● **TASK GOAL**: From the entries that follow, copy exactly the lines beginning at the line holding "This premium women's" and continuing through the line holding "Whether you’re decking".

● **EXERCISE INPUT**:
__________
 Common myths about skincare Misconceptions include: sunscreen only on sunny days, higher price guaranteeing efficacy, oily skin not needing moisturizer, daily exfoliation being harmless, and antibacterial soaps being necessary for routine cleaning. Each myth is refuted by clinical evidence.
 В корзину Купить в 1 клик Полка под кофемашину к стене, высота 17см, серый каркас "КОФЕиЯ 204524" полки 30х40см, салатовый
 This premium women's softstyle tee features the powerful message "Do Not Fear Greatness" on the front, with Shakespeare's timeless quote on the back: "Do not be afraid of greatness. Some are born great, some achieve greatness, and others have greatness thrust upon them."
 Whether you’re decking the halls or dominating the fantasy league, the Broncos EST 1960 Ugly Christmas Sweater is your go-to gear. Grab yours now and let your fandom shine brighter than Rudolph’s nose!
__________
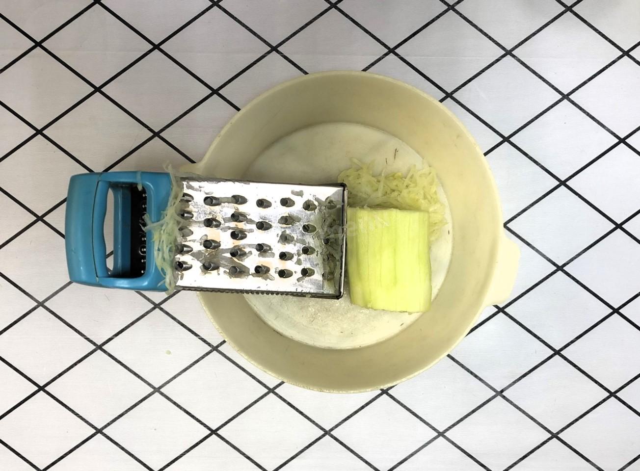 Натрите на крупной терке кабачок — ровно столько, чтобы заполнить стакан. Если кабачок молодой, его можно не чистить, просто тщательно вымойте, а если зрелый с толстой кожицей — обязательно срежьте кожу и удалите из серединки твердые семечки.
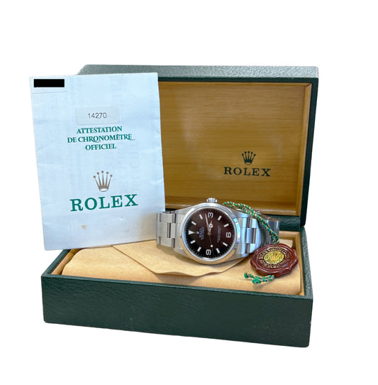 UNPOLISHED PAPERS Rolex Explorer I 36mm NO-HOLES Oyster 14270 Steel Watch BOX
__________
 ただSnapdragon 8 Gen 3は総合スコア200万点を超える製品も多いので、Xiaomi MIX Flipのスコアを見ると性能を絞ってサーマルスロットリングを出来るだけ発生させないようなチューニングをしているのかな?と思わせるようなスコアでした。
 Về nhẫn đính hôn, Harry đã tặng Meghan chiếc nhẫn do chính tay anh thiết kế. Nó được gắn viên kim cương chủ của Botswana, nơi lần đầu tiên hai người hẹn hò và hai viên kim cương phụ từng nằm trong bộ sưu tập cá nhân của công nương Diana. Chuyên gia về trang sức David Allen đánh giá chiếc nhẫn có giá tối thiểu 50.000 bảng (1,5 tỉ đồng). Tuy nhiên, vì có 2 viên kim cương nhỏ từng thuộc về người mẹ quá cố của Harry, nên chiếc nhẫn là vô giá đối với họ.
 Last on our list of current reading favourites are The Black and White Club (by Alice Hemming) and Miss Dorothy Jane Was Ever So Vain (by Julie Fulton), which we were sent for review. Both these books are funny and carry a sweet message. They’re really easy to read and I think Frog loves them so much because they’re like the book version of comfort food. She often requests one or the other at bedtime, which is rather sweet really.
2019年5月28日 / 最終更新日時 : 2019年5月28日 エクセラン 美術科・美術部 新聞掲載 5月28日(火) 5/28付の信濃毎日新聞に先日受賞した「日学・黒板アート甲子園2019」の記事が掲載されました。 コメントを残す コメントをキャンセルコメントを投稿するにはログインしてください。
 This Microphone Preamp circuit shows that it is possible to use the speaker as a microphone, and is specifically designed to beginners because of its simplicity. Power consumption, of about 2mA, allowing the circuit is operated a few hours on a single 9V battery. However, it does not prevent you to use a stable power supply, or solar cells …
__________
● **SOLUTION TO THE EXERCISE**:
 This premium women's softstyle tee features the powerful message "Do Not Fear Greatness" on the front, with Shakespeare's timeless quote on the back: "Do not be afraid of greatness. Some are born great, some achieve greatness, and others have greatness thrust upon them."
 Whether you’re decking the halls or dominating the fantasy league, the Broncos EST 1960 Ugly Christmas Sweater is your go-to gear. Grab yours now and let your fandom shine brighter than Rudolph’s nose!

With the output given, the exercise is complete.